Article originally published in Style Reins Autumn 2016 magazine. Read the full issue plus current magazine and all other back issues for FREE with a digital magazine subscription: stylereins.com/shop/bronze
Andrea Sexton spoke to the well-known entrepreneur and ‘Dragons Den’ investor Deborah Meaden about Britain, business and what horses mean to her….
Do you think having a ‘Made in Britain’ label on a product still gives it prestige?
Britain is known for certain products such as fashion and textiles. It has a long history in the textile industry. It is lovely to be able to put a Made in Britain label on a product that you are proud to have made.
Are you personally passionate about products made in Britain?
Yes – when they are quality products I think it’s important to support British manufacturing. For instance I am involved with cloth manufacturers Fox Brothers. Getting involved in Fox Brothers (themerchantfox.co.uk) was one of those moments of serendipity; everything felt right – as soon as I visited the factory and smelt the wool I was excited to be involved.
Do you think that the often higher cost of manufacturing in the UK can be outweighed by the additional benefits that being ‘made in Britain’ can bring?
Interestingly it is not always cheaper to manufacture abroad in current times – certainly manufacturing in China is becoming more expensive and there are now good options here in the UK. The most important thing is that the product is good and has quality. It’s no good just charging more because it has a Made in Britain label on it. It has to be a good product.
What do you think of the equestrian industry in Britain?
Britain has a lot of horses and passionate horse owners who are prepared to spend a lot on their horses. It is really important for anyone starting a business to be smart about the product they are selling – just because you like it does not mean other people will. You have to tell a very clear story so people understand why a product is the best.
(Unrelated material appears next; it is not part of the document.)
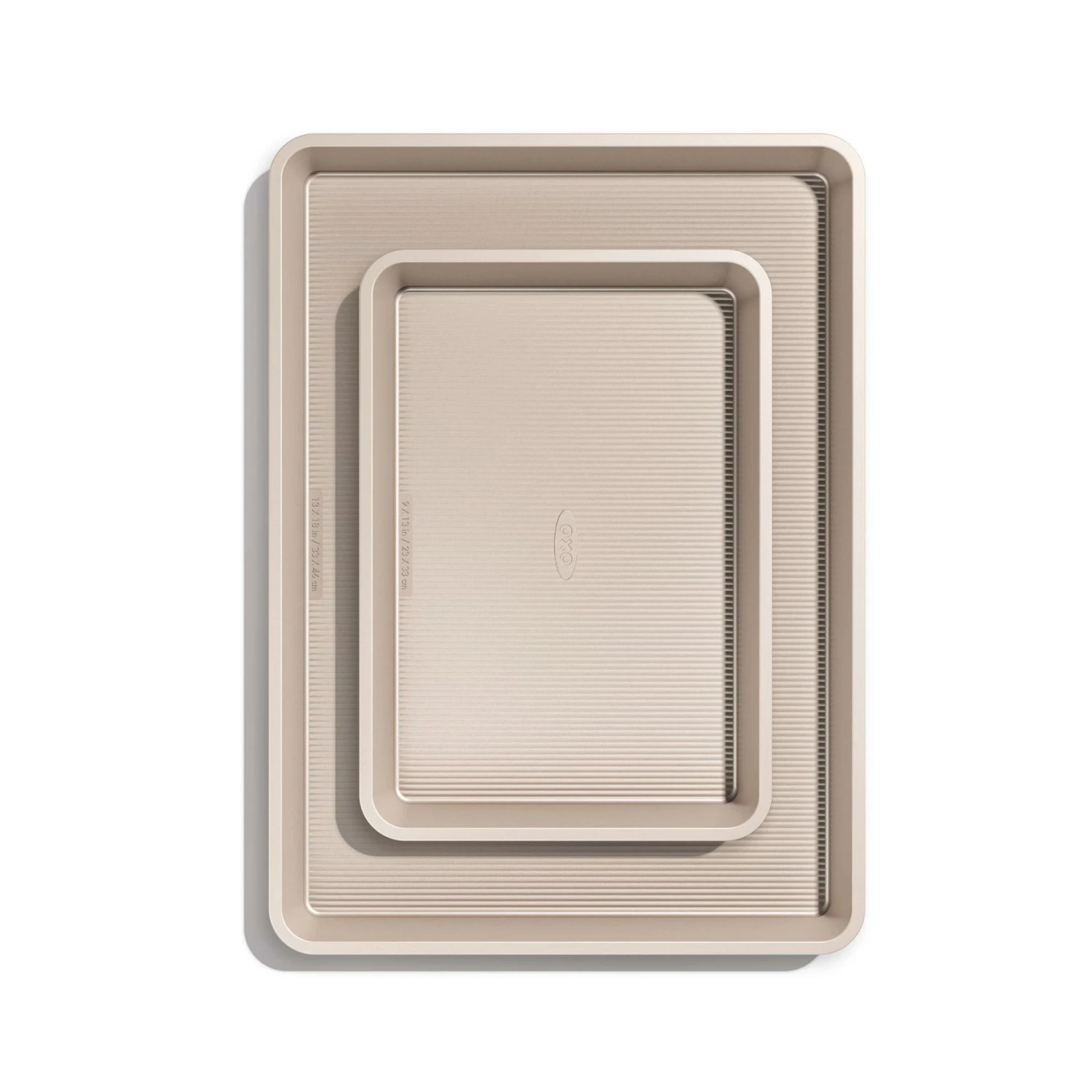 The OXO Good Grips Non-Stick Pro Metal Bakeware 2-Piece Sheet Pan Set provides versatility for baking and roasting. The Set includes one Half Sheet Pan, perfect for baking a dozen cookies, and one Quarter Sheet Pan, ideal for roasting a couple filets of salmon. Made in the USA, OXO Metal Bakeware brings you the same best-in-class quality and performance found in commercial bakeware. The Set is constructed from heavy-gauge aluminized steel for stability, even heat distribution and durability for years to come. The Swiss-engineered, ceramic-reinforced, two-layer coating allows for easy food release while protecting against scratching, staining and corrosion. The micro-textured pattern minimizes the Pans’ contact with food for more airflow and even baking. The square-rolled edge adds structure and provides a secure grip. Hand wash only.

What are the biggest difficulties a person starting out in business has to face & what was the biggest hurdle you had to overcome?
It’s very personal. For most people its confidence – as an entrepreneur you need to be able to take risks and to take a leap. Often people who have invented something are reluctant to talk about it to anyone in case their idea gets stolen – you do have to talk to someone eventually. You have to take a look at yourself and understand what might be holding you back as a person, you need to understand yourself. When it comes to choosing partners make sure they complement you; that they can do the things that you cannot.
What would be your one most important piece of advice for a young person starting out in business?
Enthusiasm! Be enthusiastic but at the same time you need to look outwards and keep an eye on what is going on around your business. Often enthusiasm can lead to blindness. The great thing about programmes such as Dragons Den is that it encourages more young people to look to run their own business.
Which characteristics do you possess that you consider to have contributed to your business success?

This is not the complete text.